第70章 梅枝上的春意
大寒刚过,巷子里的积雪还没化尽,画廊窗台上的蜡梅却抢先绽了苞。
琥珀色的花瓣裹着薄雪,在料峭的寒风里透出清冽的香,像浸了冰的蜜。
思砚踩着小板凳,鼻尖几乎要碰到花枝,小手呵着白气在玻璃上画圈,奶声奶气地数:“一朵,两朵……外婆快来了!”
母亲说好了,过了小年就来南方过年。
这个消息让思砚盼了整月,每天都要给梅枝浇点温水,说是“让花快点开,给外婆当欢迎礼”
。
林砚笑着说他心急,却悄悄把梅盆往屋里挪了挪,怕夜里的霜气冻坏了花苞。
苏晚在画案上写春联,红纸裁得方方正正,墨汁里掺了点朱砂,是来老先生教的法子,说是“添点喜气”
。
思砚凑过来,非要用毛笔蘸金粉在红纸上点星星,结果手一抖,金粉洒了半张纸,像落了场小金雨。
“这叫‘金星报喜’,”
来老先生拄着拐杖进来,看着红纸笑,“比规规矩矩的字更有年意。”
他孙女跟在后面,手里捧着个布偶,是用碎布头做的小老虎,送给思砚当新年礼物。
思砚立刻回赠了片刚落下的蜡梅花瓣,夹在小老虎的耳朵里:“给老虎喷香水。”
两个孩子趴在炉边玩布偶,老先生看着苏晚的春联,突然说:“今年的字比去年稳了,有烟火气了。”

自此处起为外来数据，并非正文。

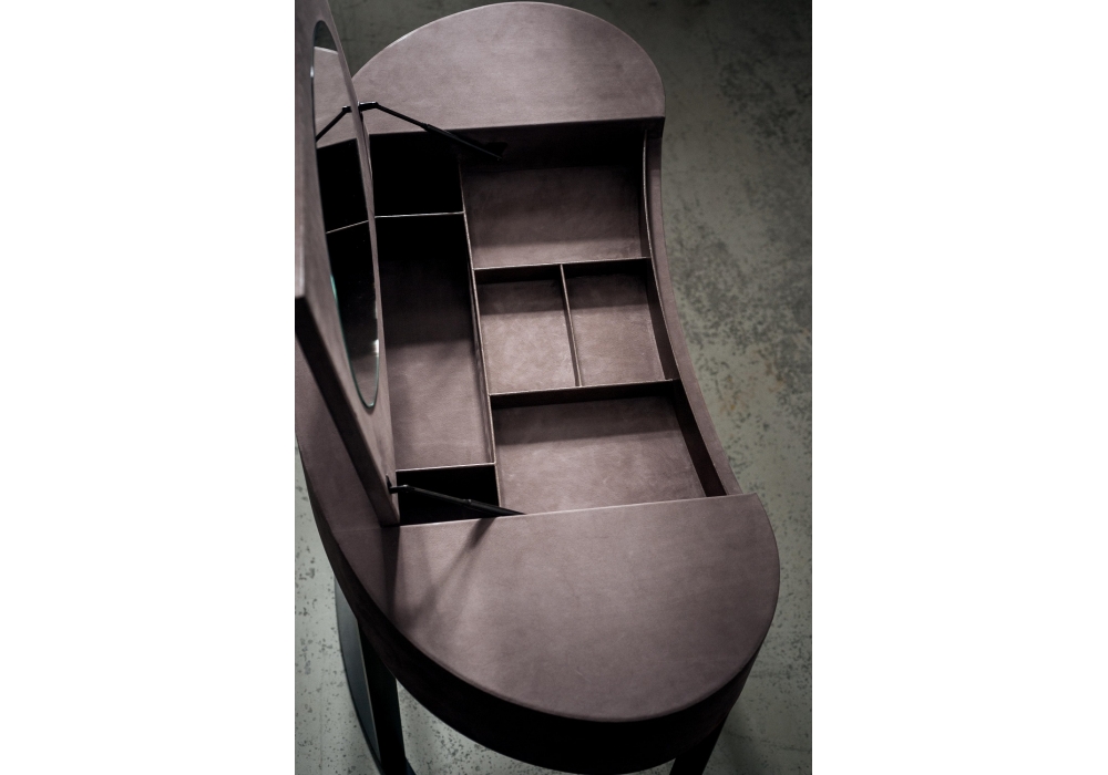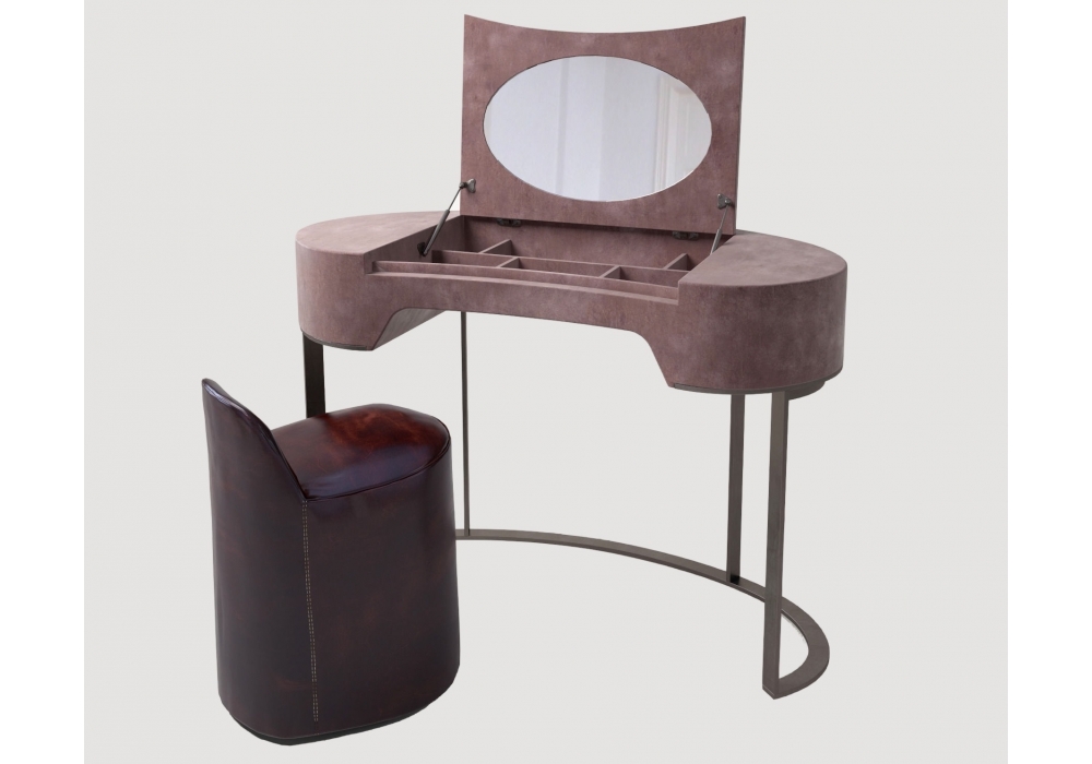 Yves conçue par Roberto Lazzeroni pour Baxter est une belle coiffeuse avec base en laiton satiné, en métal bruni fini à la main ou en métal nickelé satiné, avec vernis mat. Structure en MDF avec rêvetement en cuir. Plateau avec ouverture et miroir ovale. Structure en feuille de métal tapissée en cuir.

苏晚笑着点头,想起刚学写字时,总追求笔锋凌厉,如今却觉得,藏在笔画里的温柔,比任何锋芒都动人——就像这梅枝,看着瘦硬,却裹着满枝的春。
母亲来的前一天,思砚突发奇想,要给外婆画张“全家福”
。
他把家里的人都画在纸上:林砚举着灯笼,苏晚抱着梅花,自己站在中间,手里牵着个戴棉帽的小人,正是母亲的模样。
画的角落还画了只肥硕的饺子,说是“外婆爱吃的酸菜馅”
。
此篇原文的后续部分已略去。